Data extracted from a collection
------------------------------------------------------------

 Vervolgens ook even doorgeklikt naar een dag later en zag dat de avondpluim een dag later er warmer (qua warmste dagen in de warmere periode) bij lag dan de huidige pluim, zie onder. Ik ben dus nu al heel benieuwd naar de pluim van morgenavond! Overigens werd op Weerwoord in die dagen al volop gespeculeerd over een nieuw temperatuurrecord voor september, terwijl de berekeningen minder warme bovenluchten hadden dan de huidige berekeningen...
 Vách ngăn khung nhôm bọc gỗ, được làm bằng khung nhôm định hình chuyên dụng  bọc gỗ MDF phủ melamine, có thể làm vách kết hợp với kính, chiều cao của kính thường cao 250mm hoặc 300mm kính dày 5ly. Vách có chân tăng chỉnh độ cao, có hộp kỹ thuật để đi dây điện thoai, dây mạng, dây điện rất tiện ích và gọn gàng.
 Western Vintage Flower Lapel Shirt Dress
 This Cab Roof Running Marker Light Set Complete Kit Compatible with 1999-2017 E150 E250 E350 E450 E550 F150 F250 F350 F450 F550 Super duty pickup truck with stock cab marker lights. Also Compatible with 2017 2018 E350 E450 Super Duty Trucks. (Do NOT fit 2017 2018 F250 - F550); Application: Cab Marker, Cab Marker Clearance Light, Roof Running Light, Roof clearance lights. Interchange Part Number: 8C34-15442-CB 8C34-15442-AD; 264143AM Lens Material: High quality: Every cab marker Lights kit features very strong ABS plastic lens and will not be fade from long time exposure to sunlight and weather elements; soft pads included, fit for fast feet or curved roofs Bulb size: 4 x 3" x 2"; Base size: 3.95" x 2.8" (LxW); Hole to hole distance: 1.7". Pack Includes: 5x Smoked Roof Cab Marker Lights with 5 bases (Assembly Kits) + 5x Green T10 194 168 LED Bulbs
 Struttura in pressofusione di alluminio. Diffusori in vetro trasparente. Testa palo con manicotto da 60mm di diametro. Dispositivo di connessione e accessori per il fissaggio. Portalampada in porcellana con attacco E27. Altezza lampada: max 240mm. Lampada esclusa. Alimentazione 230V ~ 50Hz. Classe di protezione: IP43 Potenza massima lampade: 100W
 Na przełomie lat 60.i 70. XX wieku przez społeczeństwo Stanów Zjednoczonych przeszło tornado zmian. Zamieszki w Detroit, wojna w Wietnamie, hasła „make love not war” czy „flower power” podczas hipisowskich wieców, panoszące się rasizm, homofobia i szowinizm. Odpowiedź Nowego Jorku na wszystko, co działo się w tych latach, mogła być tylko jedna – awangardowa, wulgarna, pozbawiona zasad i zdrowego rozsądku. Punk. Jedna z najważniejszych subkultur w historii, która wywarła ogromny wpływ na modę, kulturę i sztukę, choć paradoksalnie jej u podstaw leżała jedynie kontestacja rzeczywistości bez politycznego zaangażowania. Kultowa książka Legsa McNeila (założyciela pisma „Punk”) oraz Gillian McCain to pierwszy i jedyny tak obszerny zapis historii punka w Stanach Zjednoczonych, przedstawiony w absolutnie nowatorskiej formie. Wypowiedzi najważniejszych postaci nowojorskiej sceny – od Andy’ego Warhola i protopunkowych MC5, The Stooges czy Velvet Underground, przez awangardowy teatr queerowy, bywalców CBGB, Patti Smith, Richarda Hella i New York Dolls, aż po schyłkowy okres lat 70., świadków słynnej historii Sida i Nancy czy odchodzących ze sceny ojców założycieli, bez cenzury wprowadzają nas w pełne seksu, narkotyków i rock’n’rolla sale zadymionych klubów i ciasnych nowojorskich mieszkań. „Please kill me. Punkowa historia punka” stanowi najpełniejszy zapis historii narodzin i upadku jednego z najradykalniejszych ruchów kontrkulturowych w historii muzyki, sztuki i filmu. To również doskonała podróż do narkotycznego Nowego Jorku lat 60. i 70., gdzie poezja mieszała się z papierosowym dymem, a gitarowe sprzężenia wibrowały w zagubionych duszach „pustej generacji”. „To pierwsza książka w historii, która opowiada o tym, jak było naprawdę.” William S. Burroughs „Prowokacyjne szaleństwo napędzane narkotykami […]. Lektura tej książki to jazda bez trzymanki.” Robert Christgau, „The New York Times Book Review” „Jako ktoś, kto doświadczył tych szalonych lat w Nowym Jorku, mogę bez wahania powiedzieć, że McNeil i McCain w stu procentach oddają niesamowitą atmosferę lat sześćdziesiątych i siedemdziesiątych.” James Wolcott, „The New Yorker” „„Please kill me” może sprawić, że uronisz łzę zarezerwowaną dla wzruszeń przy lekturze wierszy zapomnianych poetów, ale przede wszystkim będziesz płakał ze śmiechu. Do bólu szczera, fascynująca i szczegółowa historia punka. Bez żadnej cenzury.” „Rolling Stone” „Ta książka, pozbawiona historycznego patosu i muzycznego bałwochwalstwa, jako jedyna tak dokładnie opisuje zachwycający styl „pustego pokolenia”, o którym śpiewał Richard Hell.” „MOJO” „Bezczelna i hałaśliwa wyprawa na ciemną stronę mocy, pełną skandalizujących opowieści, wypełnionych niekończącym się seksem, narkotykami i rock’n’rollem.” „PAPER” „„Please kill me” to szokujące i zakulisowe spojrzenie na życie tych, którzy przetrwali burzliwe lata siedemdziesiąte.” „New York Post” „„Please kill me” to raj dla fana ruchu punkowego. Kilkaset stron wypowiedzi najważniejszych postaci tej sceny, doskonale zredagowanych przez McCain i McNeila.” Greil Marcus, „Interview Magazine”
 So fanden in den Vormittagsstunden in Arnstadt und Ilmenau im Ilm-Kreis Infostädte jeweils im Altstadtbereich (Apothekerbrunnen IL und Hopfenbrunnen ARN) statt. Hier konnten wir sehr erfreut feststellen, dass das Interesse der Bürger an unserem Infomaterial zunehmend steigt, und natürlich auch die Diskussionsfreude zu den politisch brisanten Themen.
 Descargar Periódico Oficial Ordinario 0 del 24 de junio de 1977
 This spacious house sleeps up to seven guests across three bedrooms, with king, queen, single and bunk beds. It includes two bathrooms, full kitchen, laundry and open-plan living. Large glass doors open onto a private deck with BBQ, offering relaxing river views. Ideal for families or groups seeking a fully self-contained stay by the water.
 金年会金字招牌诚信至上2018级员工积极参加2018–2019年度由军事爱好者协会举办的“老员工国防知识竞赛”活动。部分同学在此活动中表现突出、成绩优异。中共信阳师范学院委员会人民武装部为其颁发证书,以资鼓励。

------------------------------------------------------------

## Work request
Exact duplication is required for the lines above, from the line that contains "This Cab Roof" to the line that contains "Struttura in pressofusione", inclusive; omit all others.

## Response to this task
 This Cab Roof Running Marker Light Set Complete Kit Compatible with 1999-2017 E150 E250 E350 E450 E550 F150 F250 F350 F450 F550 Super duty pickup truck with stock cab marker lights. Also Compatible with 2017 2018 E350 E450 Super Duty Trucks. (Do NOT fit 2017 2018 F250 - F550); Application: Cab Marker, Cab Marker Clearance Light, Roof Running Light, Roof clearance lights. Interchange Part Number: 8C34-15442-CB 8C34-15442-AD; 264143AM Lens Material: High quality: Every cab marker Lights kit features very strong ABS plastic lens and will not be fade from long time exposure to sunlight and weather elements; soft pads included, fit for fast feet or curved roofs Bulb size: 4 x 3" x 2"; Base size: 3.95" x 2.8" (LxW); Hole to hole distance: 1.7". Pack Includes: 5x Smoked Roof Cab Marker Lights with 5 bases (Assembly Kits) + 5x Green T10 194 168 LED Bulbs
 Struttura in pressofusione di alluminio. Diffusori in vetro trasparente. Testa palo con manicotto da 60mm di diametro. Dispositivo di connessione e accessori per il fissaggio. Portalampada in porcellana con attacco E27. Altezza lampada: max 240mm. Lampada esclusa. Alimentazione 230V ~ 50Hz. Classe di protezione: IP43 Potenza massima lampade: 100W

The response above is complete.